* _DESCRIPTION OF THE TASK_:
What needs reproducing is the run of lines in the data below starting at the line with "bringt die neue" and ending at the line with "Piercing do pupíku", both ends included. Copy it exactly, without pictures, and add nothing.

SOURCE MATERIAL START

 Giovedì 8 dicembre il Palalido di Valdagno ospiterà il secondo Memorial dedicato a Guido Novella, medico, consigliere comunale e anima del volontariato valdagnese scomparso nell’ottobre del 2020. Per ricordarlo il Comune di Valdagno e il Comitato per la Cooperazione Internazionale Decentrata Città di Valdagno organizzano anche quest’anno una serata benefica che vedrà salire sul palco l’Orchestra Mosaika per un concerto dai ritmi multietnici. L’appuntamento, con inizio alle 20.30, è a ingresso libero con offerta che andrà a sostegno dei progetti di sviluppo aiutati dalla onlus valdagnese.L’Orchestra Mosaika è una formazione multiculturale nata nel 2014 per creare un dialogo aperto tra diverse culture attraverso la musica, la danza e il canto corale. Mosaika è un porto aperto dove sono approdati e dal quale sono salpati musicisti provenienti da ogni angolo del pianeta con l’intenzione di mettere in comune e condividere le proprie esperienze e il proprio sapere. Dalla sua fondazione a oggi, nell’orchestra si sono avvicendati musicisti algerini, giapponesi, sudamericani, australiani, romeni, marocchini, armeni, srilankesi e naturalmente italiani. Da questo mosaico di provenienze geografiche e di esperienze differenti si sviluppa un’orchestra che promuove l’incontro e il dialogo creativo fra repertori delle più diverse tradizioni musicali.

SOURCE MATERIAL END
SOURCE MATERIAL START

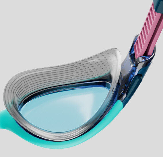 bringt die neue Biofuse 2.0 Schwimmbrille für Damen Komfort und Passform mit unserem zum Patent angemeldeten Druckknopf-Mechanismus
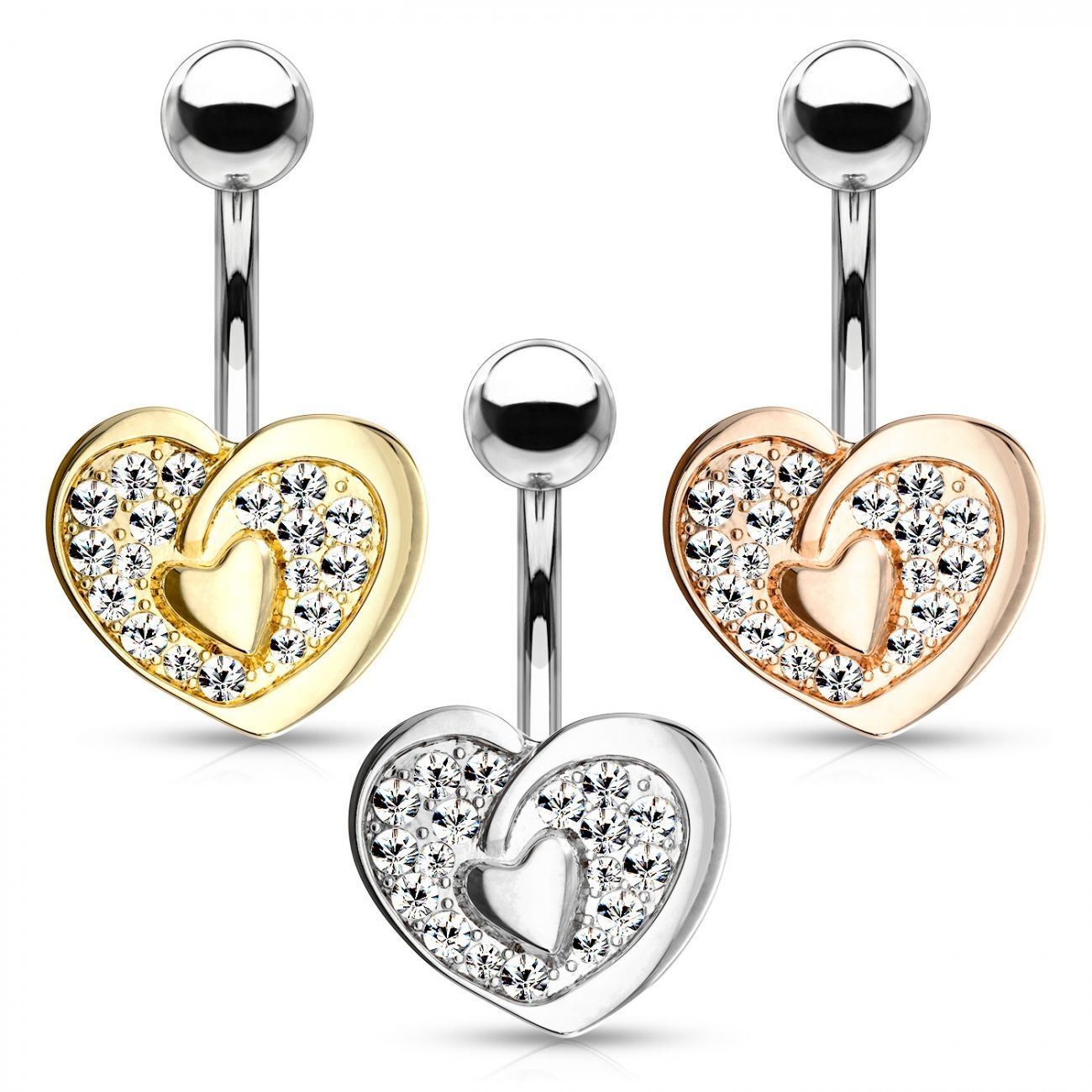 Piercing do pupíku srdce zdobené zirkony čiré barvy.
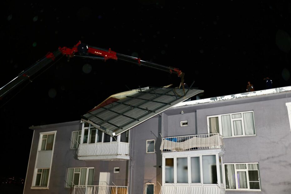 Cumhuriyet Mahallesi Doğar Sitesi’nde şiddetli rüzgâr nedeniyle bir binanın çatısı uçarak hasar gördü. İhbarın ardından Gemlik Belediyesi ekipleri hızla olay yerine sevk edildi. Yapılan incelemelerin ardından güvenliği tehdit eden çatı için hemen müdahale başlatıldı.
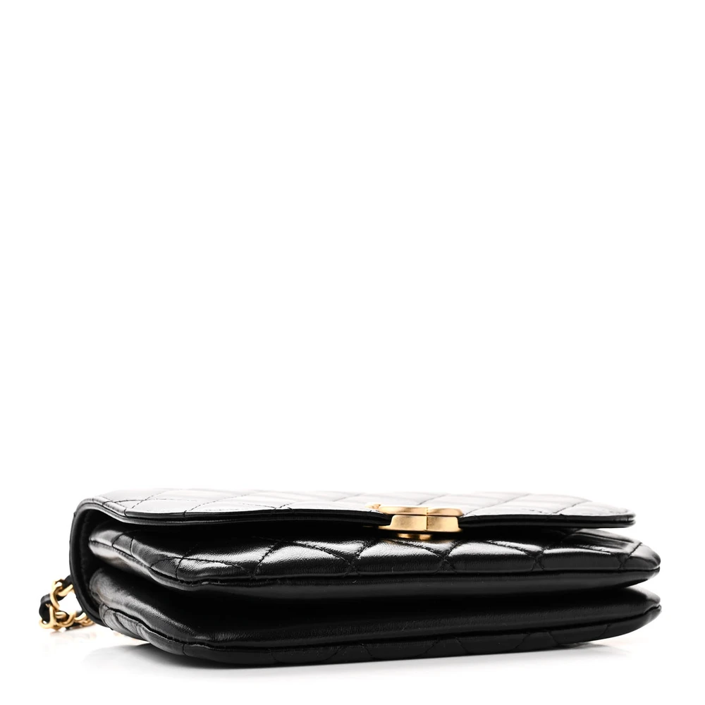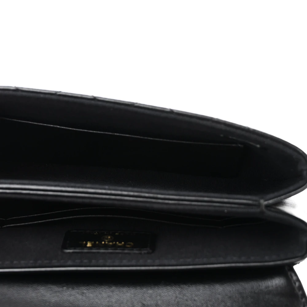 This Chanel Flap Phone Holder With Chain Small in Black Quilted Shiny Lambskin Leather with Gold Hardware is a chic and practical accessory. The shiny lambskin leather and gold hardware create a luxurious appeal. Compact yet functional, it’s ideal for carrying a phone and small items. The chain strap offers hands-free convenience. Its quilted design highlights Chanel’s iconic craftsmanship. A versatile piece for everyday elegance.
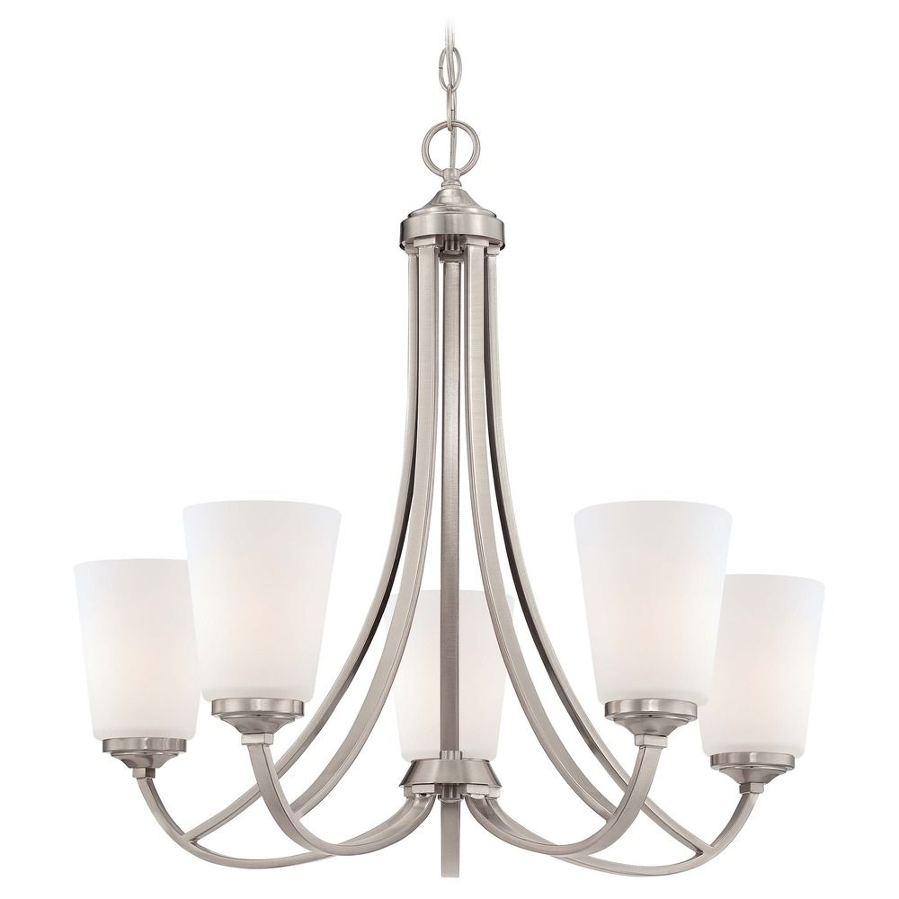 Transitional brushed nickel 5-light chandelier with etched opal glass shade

SOURCE MATERIAL END

* _SOLUTION TO THIS EXERCISE_:
 bringt die neue Biofuse 2.0 Schwimmbrille für Damen Komfort und Passform mit unserem zum Patent angemeldeten Druckknopf-Mechanismus
 Piercing do pupíku srdce zdobené zirkony čiré barvy.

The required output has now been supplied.